Depositors have had a rough ride over the past two years, with bank deposit rates drifting down. Ever since the RBI began to cut its policy rate in January 2015, banks have been cutting rates on deposits with alacrity. Demonetisation only made matters worse. Banks flush with funds slashed deposit rates to lower their costs. Between January 2015 and October 2016, deposit rates (weighted average) fell by 120-130 bps (or 1.2-1.3 percentage points) across banks. And from November 2016 to December 2017, rates on fixed deposits fell by an additonal 80-90 bps.

But the tide is slowly turning in favour of savers, with a few banks increasing deposit rates over the past month. If you have surplus funds or your existing deposits are soon maturing, it’s time to review your fixed-deposit investment strategy.

‘Timing the market’ can make a striking difference to your returns from bank deposits, just as your ‘time in the market’ can. Deposit rates over the past 45- and 20-year periods show some interesting trends that we can draw lessons from.

For the long haul

As a depositor, you cannot escape the ups and downs in interest rate movements. But you can still make a sizeable difference to your returns over the long run by locking in at the right time and choosing the right tenure.

Typically, it is your cash flow that decides the tenure of your deposit. For instance, if you can park your money only for three years, you have no choice but to go in for deposits with a similar tenure. But many of us can set aside money for the long run.

Our study reveals that for such depositors, rate cycles matter little in deciding the tenure of deposits.

Locking into longer-term deposits gets you better returns, whether at the end or the beginning of a rate-easing cycle.

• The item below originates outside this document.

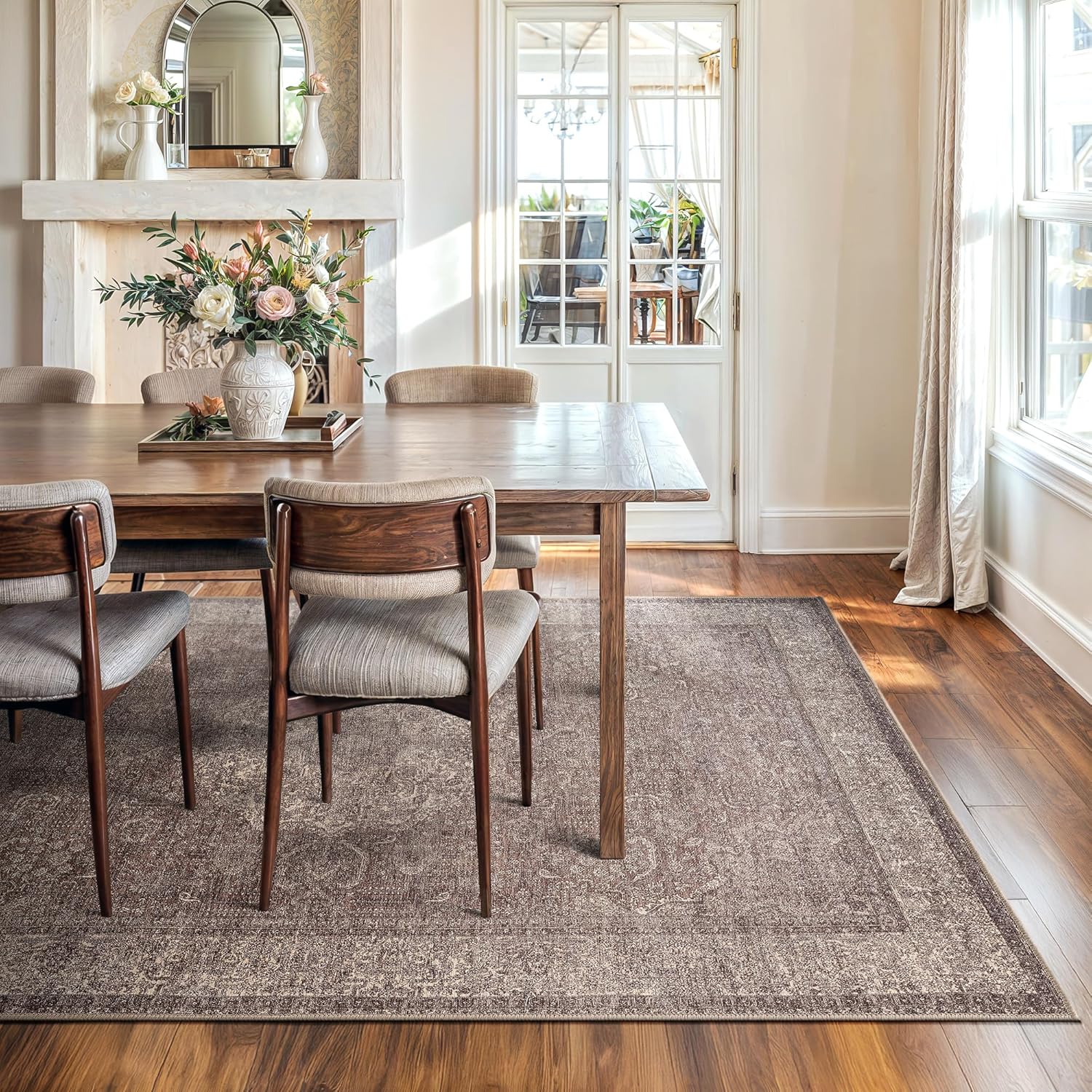 Bloom Rugs Washable Non-Slip 8' x 10' Rug - Taupe/Beige Traditional Medallion Area Rug for Living Room, Bedroom, Dining Room, and Kitchen - Exact Size: 8' x 10'

We analysed deposit rate trends since 1970-71, considering three tenure buckets — one-three years (short term), three-five years (medium term) and over five years (long term).

We have assumed that deposits are reinvested at the rate prevailing at the time of each maturity.

Across both the 45- and 20-year periods, investors who went in for long-term deposits earned higher returns than those who stayed with short-term deposits, irrespective of whether money was locked in at the peak or the bottom of the rate cycle.

Over a 45-year period, the annual returns worked to about 8.8-9 per cent (at the bottom-of-the-rate cycle) to over 9.5 per cent (at the peak) if you opted for medium- and long-term deposits. However, for the short term, it was just 8.2-8.4 per cent.

If you invested ₹1 lakh, the difference in the final maturity amount could be over ₹10 lakh (thanks to the power of compounding).

Over a 20-year period, the annual returns were 9.2-9.4 per cent for medium- and long-term deposits, while short-term deposits managed only 8.5-8.7 per cent.

Bottomline.If you are willing to lock in your money for a very long period, go for long-term deposits of over 7-10 years even now, at the bottom of the rate cut cycle. Since your time horizon is long, this will help you mitigate the risk of reinvestment at lower rates

For shorter periods

But many of us may not be able to lock into 10-year deposits. If you have a shorter (3-5-year) horizon, you cannot ignore rate movements in the economy. At the end of the rate easing cycle such as now, depositors will be better off going with very short–term deposits of one-three years (in general).

Deposit rates over the last decade or so show that if you had invested in short-term deposits at the end of the rate easing cycle in 2004 or 2009, your annual returns would have been 7.6-7.8 per cent, against 6.8-7.2 per cent returns on medium- and long-term deposits.

This is because locking into long-tenure deposits at the bottom of rate cycle could deprive you of the chance to benefit from higher rates when the tide turns.

Currently, rates have bottomed out, and a few banks have already started to increase deposit rates. Axis Bank increased its deposit rates by 65 bps in certain buckets recently. DCB, IndusInd Bank and Lakshmi Vilas Bank too have tinkered with their deposit rates.

It is therefore best to go in for very short-term deposits of, say, six months to one year. This will help you ride rate increases in the future.

Bottomline.If you have a five-year horizon, go for shorter-tenure deposits now so that you don’t miss out on higher rates. Generally, as rates are close to bottoming out, one- to three-year deposits are ideal to lock into. But given that a few banks have already started to hike deposit rates, choosing a much shorter—upto one-year—tenure will work out better for depositors with a medium-term horizon

What’s on offer

Most banks offer 6.5–6.75 per cent for deposits upto one year; a few offer slightly higher rates. RBL Bank offers 7 per cent on deposits from 91 days to 180 days, Kotak Bank offers 6.85 per cent for 390-day deposits, City Union Bank offers 7 per cent on 181-364 days deposits while Bandhan Bank offers 7 per cent for a one-year deposit. IDFC Bank offers 7.5 per cent for 366-day deposits.